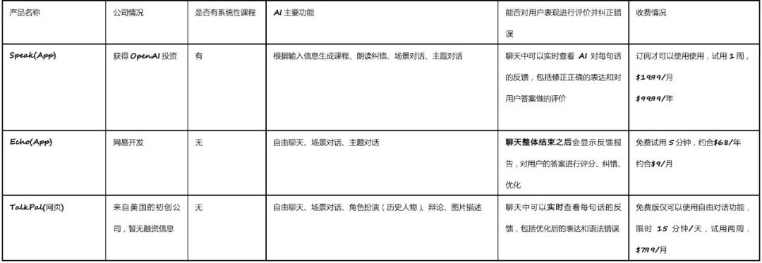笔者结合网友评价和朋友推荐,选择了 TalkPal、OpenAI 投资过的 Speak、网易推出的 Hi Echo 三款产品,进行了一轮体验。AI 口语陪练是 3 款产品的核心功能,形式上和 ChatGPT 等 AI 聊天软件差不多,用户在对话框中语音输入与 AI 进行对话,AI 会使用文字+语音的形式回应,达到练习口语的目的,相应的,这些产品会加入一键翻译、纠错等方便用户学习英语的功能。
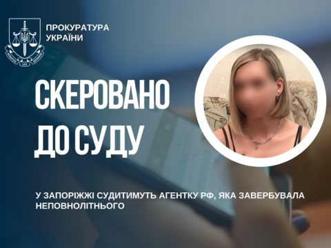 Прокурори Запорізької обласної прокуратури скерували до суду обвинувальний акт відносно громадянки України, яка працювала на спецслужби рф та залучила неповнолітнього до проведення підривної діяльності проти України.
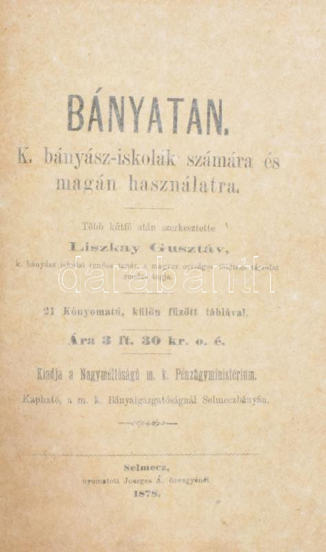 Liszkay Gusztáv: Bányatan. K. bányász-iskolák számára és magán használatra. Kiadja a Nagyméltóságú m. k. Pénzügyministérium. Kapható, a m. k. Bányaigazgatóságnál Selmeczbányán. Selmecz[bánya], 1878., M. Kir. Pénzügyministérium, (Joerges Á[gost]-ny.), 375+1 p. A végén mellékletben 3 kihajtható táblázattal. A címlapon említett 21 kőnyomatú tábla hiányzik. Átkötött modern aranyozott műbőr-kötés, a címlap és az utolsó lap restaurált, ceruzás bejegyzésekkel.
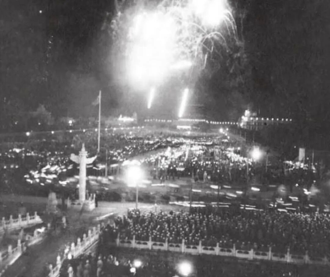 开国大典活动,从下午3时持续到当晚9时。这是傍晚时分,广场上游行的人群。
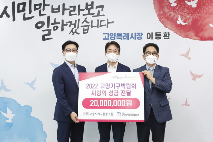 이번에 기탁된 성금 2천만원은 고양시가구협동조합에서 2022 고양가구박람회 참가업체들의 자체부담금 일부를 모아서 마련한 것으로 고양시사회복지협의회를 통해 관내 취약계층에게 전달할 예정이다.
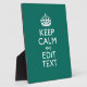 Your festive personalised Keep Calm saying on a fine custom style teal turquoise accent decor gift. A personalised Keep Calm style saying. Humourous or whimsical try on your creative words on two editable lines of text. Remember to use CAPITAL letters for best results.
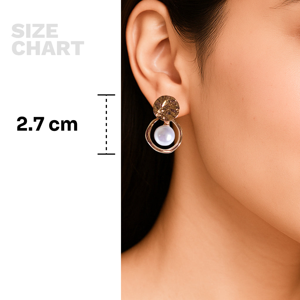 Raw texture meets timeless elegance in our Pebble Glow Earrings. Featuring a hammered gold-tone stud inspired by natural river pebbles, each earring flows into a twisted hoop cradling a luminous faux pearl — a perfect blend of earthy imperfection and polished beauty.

┄┄┄┄┄┄

> [What to work on]:
With the pictures removed, the entries above should be transcribed exactly.

> [Output below]:
笔者结合网友评价和朋友推荐,选择了 TalkPal、OpenAI 投资过的 Speak、网易推出的 Hi Echo 三款产品,进行了一轮体验。AI 口语陪练是 3 款产品的核心功能,形式上和 ChatGPT 等 AI 聊天软件差不多,用户在对话框中语音输入与 AI 进行对话,AI 会使用文字+语音的形式回应,达到练习口语的目的,相应的,这些产品会加入一键翻译、纠错等方便用户学习英语的功能。
 Прокурори Запорізької обласної прокуратури скерували до суду обвинувальний акт відносно громадянки України, яка працювала на спецслужби рф та залучила неповнолітнього до проведення підривної діяльності проти України.
 Liszkay Gusztáv: Bányatan. K. bányász-iskolák számára és magán használatra. Kiadja a Nagyméltóságú m. k. Pénzügyministérium. Kapható, a m. k. Bányaigazgatóságnál Selmeczbányán. Selmecz[bánya], 1878., M. Kir. Pénzügyministérium, (Joerges Á[gost]-ny.), 375+1 p. A végén mellékletben 3 kihajtható táblázattal. A címlapon említett 21 kőnyomatú tábla hiányzik. Átkötött modern aranyozott műbőr-kötés, a címlap és az utolsó lap restaurált, ceruzás bejegyzésekkel.
 开国大典活动,从下午3时持续到当晚9时。这是傍晚时分,广场上游行的人群。
 이번에 기탁된 성금 2천만원은 고양시가구협동조합에서 2022 고양가구박람회 참가업체들의 자체부담금 일부를 모아서 마련한 것으로 고양시사회복지협의회를 통해 관내 취약계층에게 전달할 예정이다.
 Your festive personalised Keep Calm saying on a fine custom style teal turquoise accent decor gift. A personalised Keep Calm style saying. Humourous or whimsical try on your creative words on two editable lines of text. Remember to use CAPITAL letters for best results.
 Raw texture meets timeless elegance in our Pebble Glow Earrings. Featuring a hammered gold-tone stud inspired by natural river pebbles, each earring flows into a twisted hoop cradling a luminous faux pearl — a perfect blend of earthy imperfection and polished beauty.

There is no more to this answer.